他从口袋里掏出烟,点上。他很少在家里抽烟,因为我不喜欢。但今天他没在乎,直接点了一根。
我们俩就这么坐着。他抽烟,我看他抽烟。
一根烟快抽完的时候,他说:“要不这样,那钱算我借的,以后我每个月还你一点。”
“还我?”我笑了一下,“那是咱俩共同存款,不是你自己一个人的。”
“那你说怎么办?”他把烟头按在烟灰缸里,抬头看着我,语气有点冲,“要不我让海生写个欠条?还是你现在就去报警?”
我说:“我没想好。”
他就是习惯了。
习惯了一个人做决定。习惯了先斩后奏。习惯了觉得我最后都会原谅他。
我忽然想起一件事。
三年前,张海生说要买辆车,他找我借两万。我当时不太乐意,但最后还是给了。那两万到现在也没还。
去年,婆婆说腰不好,要做手术。
张海生打电话说妈偏心大哥,想让大哥出钱。
张志远二话不说,转了五万。
后来手术做了,但报销下来的钱,不知道花哪儿去了。
这些事情,每次都是我嘟囔几句,他说“都是一家人”,最后就这么过去了。
但这次不一样。
58万,不是小数目。
“你弟弟他知道这是咱俩的钱吗?”我问。
“知道。
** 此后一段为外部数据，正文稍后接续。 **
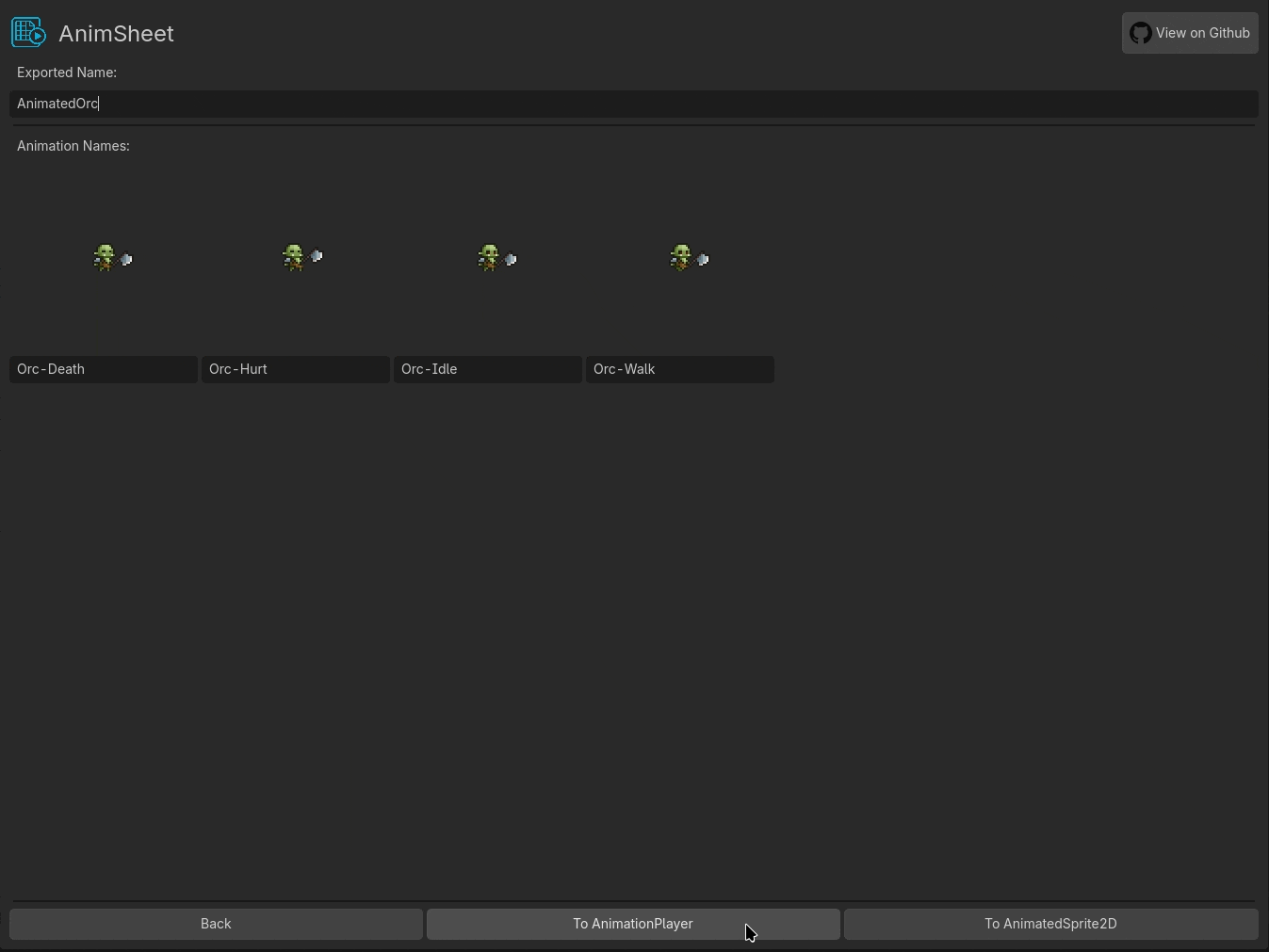 | Title | AnimSheet – Sprite Sheets to AnimatedSprite2D & AnimationPlayer | AnimSheet – Sprite Sheets to AnimatedSprite2D & AnimationPlayer |
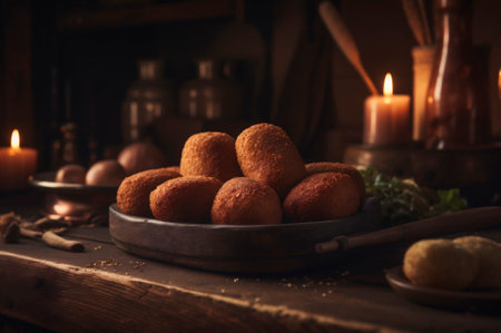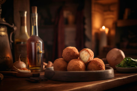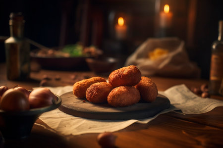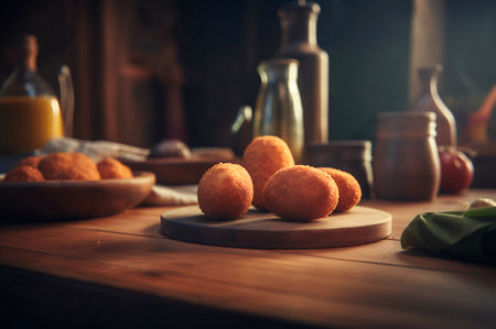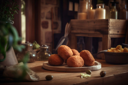 Delicious homemade croquettes on wooden table in rustic kitchen background. AI generated. closeup

”
“他说什么了?”
“他说谢谢哥。”
我听完这句话,特别想笑,但你看着他的脸,又笑不出来。
我起身走进卧室,关上门。
他也没跟进来。
外面电视声又响起来,好像在放什么综艺节目。我听见他笑了一声。
我站在卧室里,靠着门板,盯着天花板上那盏用了五年的吸顶灯。
这灯是刚搬进来的时候,我自己拧上去的。灯泡坏过一次,我也自己换的。他从来不管这些。
我忽然明白了一个道理。
在这个家里,他负责做决定。我负责执行决定。
就他妈没什么区别。
04
第二天我没去上班。
我请了一天假,说身体不舒服。公司领导批了,让我好好休息。
但我没休息。
我去了好几家旅行社,问办理护照和签证的事情。
然后又去了趟出入境服务大厅,领了一张表。
填表的时候,我的手一直在抖。
好不容易填完,递过去的时候工作人员看了一眼,说:“照片不符合要求,去旁边重拍。”
我又去拍了照片,花了三十块。
等所有手续办完,我都不知道自己是高兴还是难过。
走出服务大厅的时候,阳光特别好。
我站在太阳底下晒了一会儿,感觉身上有点暖了。
接下来几天,我一直表现得像个正常人。
做早饭,吃早饭。做午饭,吃午饭。做晚饭,吃晚饭。
张志远以为我已经接受了这件事。
他甚至主动跟我提过一次,说海生那边已经看好房子了,下个月就能交首付。
我说祝贺你们。
他听了还挺高兴,拍了拍我肩膀,说“你终于想通了”。
我没说话。
那段时间我每天晚上都睡不着,就盯着天花板去想这些年的事。
怎么认识他的,怎么结婚的,怎么一起存钱的,怎么过的每一个生日,怎么跨的每一个年。
越想越觉得自己像个傻子。
我们定的是每月28号存钱。
十年了,除了有一年过年我回娘家,他忘存了一次,其他每个月从来没断过。
有时候手头紧,他就跟同事借一点,拼拼凑凑也要把钱存进去。
我那会儿还挺感动,觉得他靠谱。
现在想想,他可能早就习惯了。
习惯了往一个罐子里塞钱,哪怕他知道那个罐子迟早会被人砸烂。
有一天晚上,我问他:“你想过没有,如果有一天咱俩分开了,怎么办?”
他当时正在刷牙。听到我这么问,漱了口,把牙刷放好,才回了一句:“好好的,说什么分开不分开。”
“我随便问问。”
“你最近是不是看电视看多了?”他擦擦嘴,走过来搂住我,“别想那些有的没的。”
他搂得很自然,就像过去十年里的每一个夜晚。
但我感觉不到任何温度。
那大概就是我最后一次确认——
这个人,我确实是爱过的。
但他不爱我了。
或者说,他没我以为的那么爱我。
05
第十四天的早上,我起了个大早。
天还没亮,外面灰蒙蒙的。
我把准备好的行李箱从衣柜里拖出来。不大,就一个二十寸的登机箱。里面装了几件换洗衣服,一套化妆品,两本书,和一些证件。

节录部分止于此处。